Doctors’ Rights and Responsibilities

2016 graduating Gambian doctors /The Point

I put pen to paper (or fingers to keyboard) in response to brother Madi Jobarteh’s passionate support of Gambia’s striking junior doctors. Madi’s thesis in support of the doctors’ strike has moved beyond the specific complaint about the Health Minister’s utterances, but I would like to start with my brief comments here last week before I look at Madi’s two main points.

My comments last week were as follows:

“The Minister’s statement was bound to offend. But now the Minister has gracefully apologised in clear and unambiguous words. I now urge our professional doctors to equally gracefully accept that ministerial apology humbly offered and return to caring for their patients”.

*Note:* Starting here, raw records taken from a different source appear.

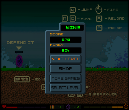 웨이브가 끝날 때마다 열리는 상점에서 12종의 총기 중 하나를 구입하거나 체력·포탈 에너지를 업그레이드해 점점 강해지는 적에 대비할 수 있습니다.
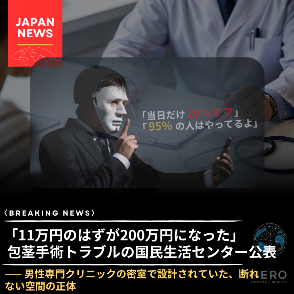 - 「約11万円で受けられる」という認識で来院した男性が、最終的に約200万円の契約に至った包茎手術トラブルを国民生活センターが2026年3月に公表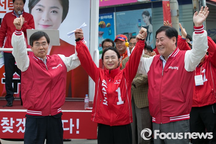 (부산=포커스뉴스) 최경환(오른쪽) 전 경제부총리와 손수조 새누리당 부산 사상구 후보, 조경태 의원이 3일 오후 부산광역시 사상구 광장로의 한 대형마트 앞에서 열린 손 후보 유세에서 손을 들고 있다.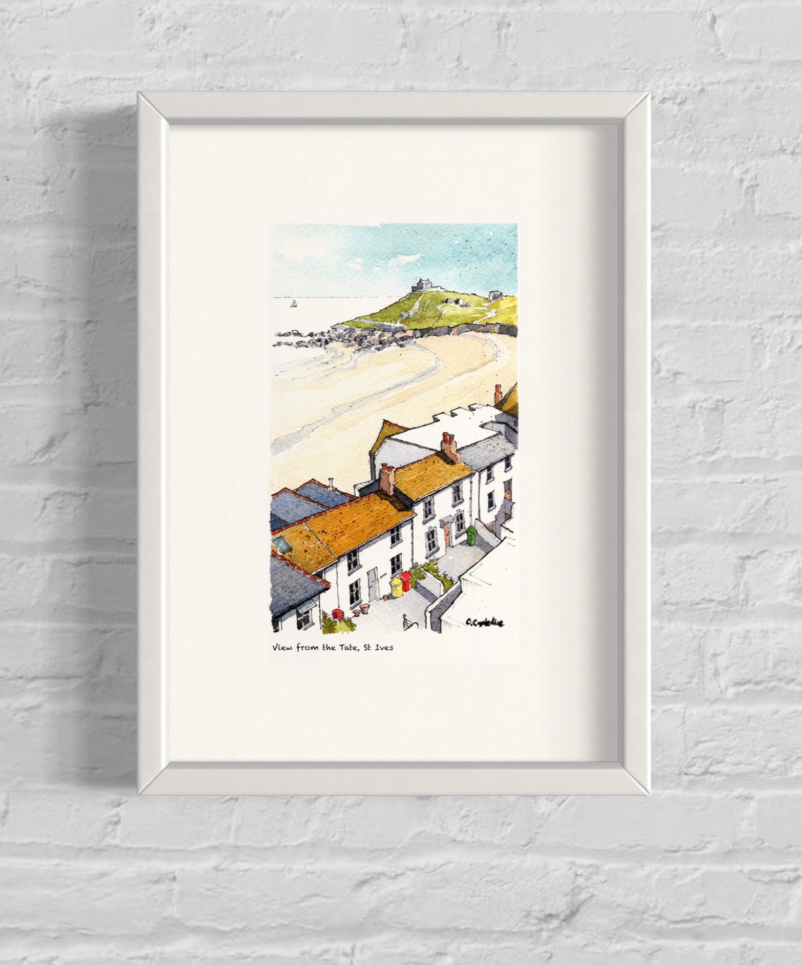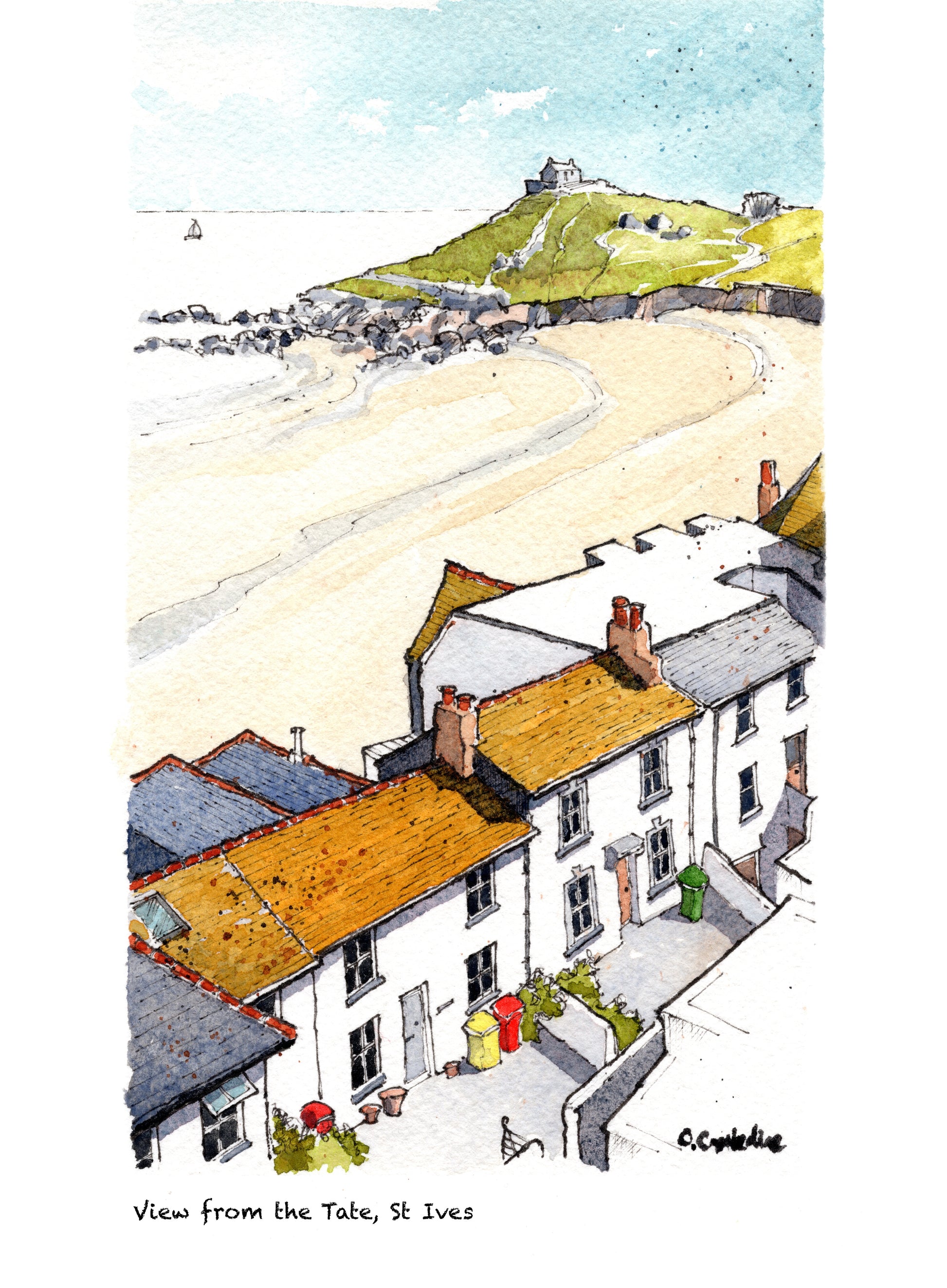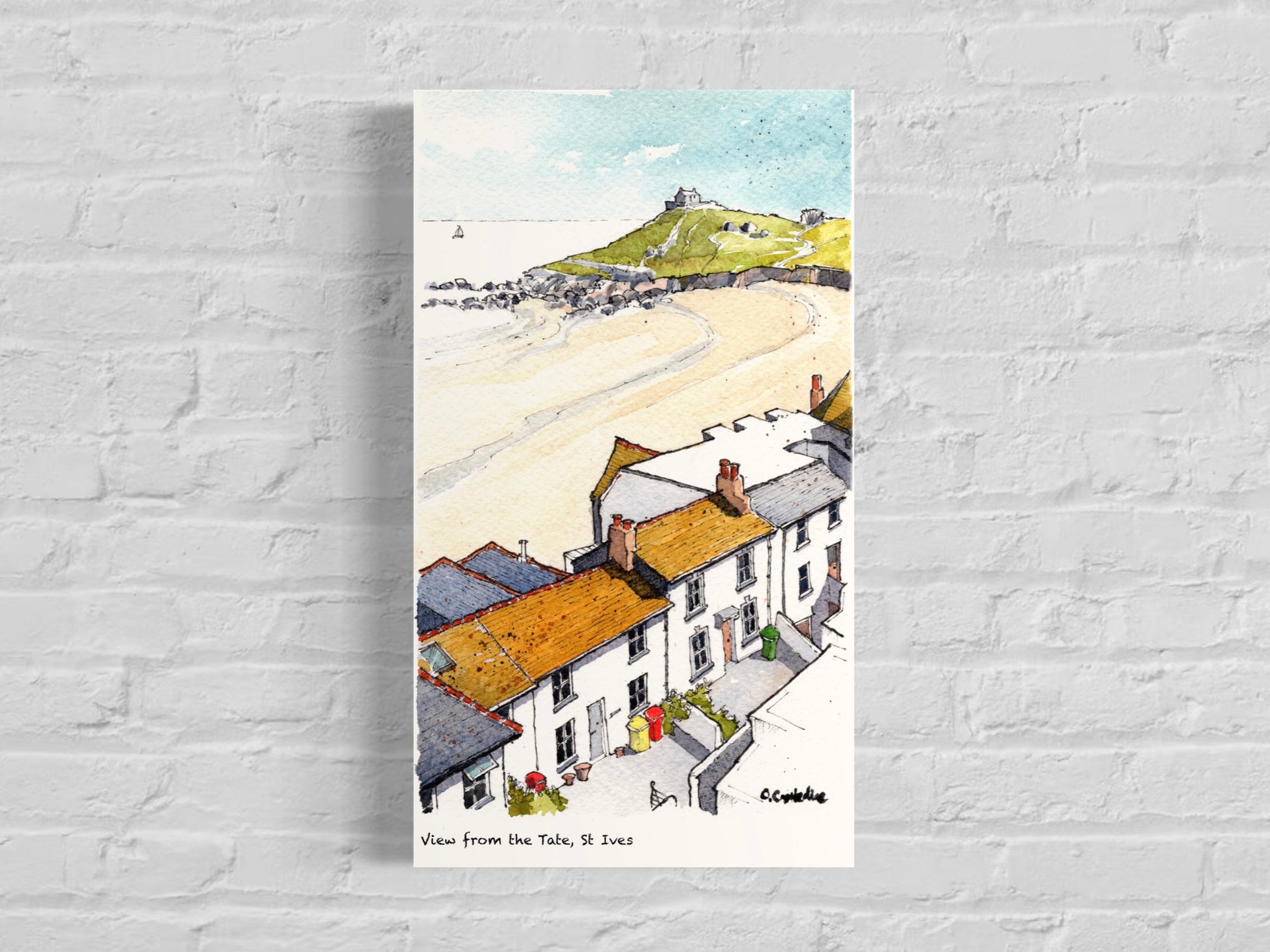 Porthmeor Beach viewed from Tate St Ives, based on an original watercolour painted in 2023.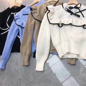 - Design: Ausgefallene Rüschen entlang des Ausschnitts und der Ärmel verleihen dem Pullover eine verspielte Note.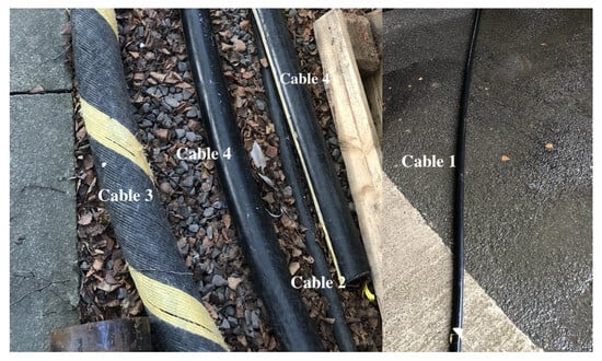 In our experiment, we obtained our cable samples from JDR Cable Systems Ltd and the European Marine Energy Centre (EMEC). Figure 4 shows the cable sample, which consists of subsections from 4 different subsea power cables, including decommissioned and healthy ones. The subsections of cables used in this experiment share similar lengths of 3 m, but varies in other physical characteristics, such as weight and diameter. In addition, the cables each have different physical properties as shown in Table 1.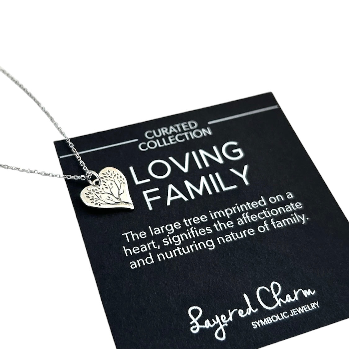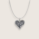 The pendant illustrates a large tree imprinted on a heart, signifying the affectionate and nurturing nature of family.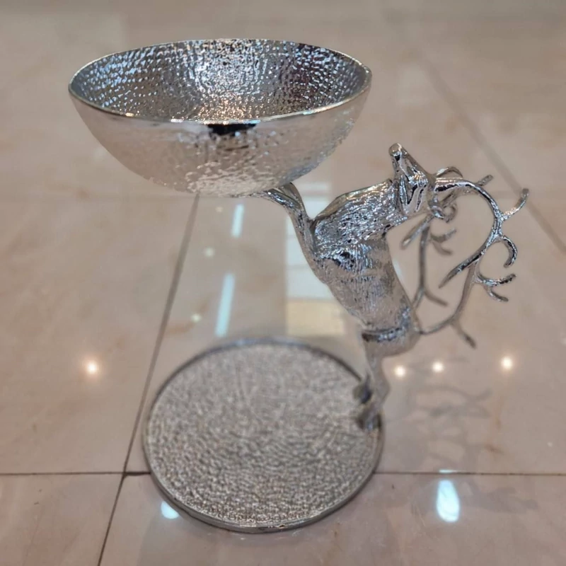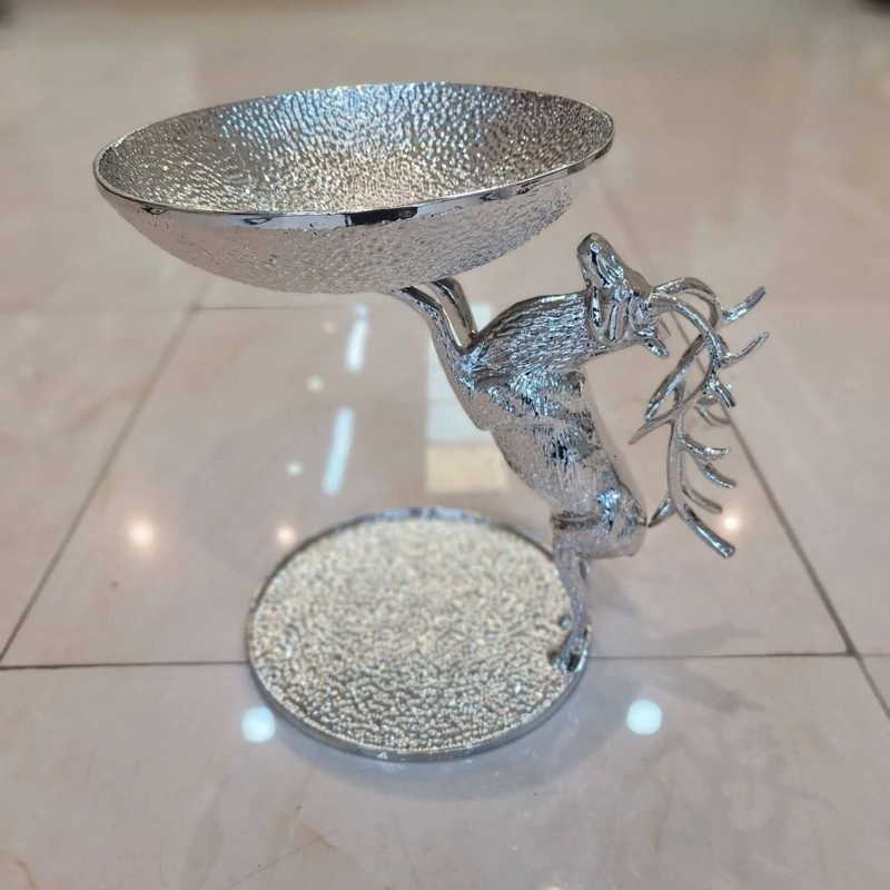 ست پذیرایی گوزن پرشی چکشی طلایی و سیلور شامل: میوه خوری شیرینی خوری آجیل خوری آبکاری سوپر براق با ضمانت جنس آلومینیوم درجه یک رنگ ثابت 4سال ضمانت

Madi Jobarteh supports the doctor’s strike actions on two grounds:

  1.  That the doctors’ have a “constitutional right to protest”;
  2. In Madi’s own words that “It is not until these doctors went on strike that we have seen the Gambia Government now speak a language of solving the issues in the health sector. Thus without this action it is clear that the Government will take a long-time, if ever at all to focus on and address the issues in our health system.

    Madi’s first point first. Approaching the matter from a long held personal principle, I will state that a “right to protest” does not necessarily mean strike action that would seriously impinge on other people’s rights and well being. I grew up in a school in Nairobi that is famous for its discipline (Starehe School which Gambia’s own current Chief Justice did visit as Attorney General in the 1980s). The lawlessness and disorder that characterises Kenyan schools was and still is anathema at Starehe. Ten years after Starehe, I was a teacher in a London school when the staff decided to strike against Mrs. Thatcher – with the children’s education as the “collateral damage”. I pleaded with my colleagues, in vain, that we should take it in shifts to protest every evening infront of Parliament or 10 Downing Street but to no avail. The strike went ahead, I ignored it for the whole week and came to teach – and got thrown out of the National Union of Teachers! That was 30 years ago. To my mind, today’s striking Gambian doctors would have more sympathy from the general public if they protested and demonstrated about their grievances without impacting the well-being of their patients through a working hours strike.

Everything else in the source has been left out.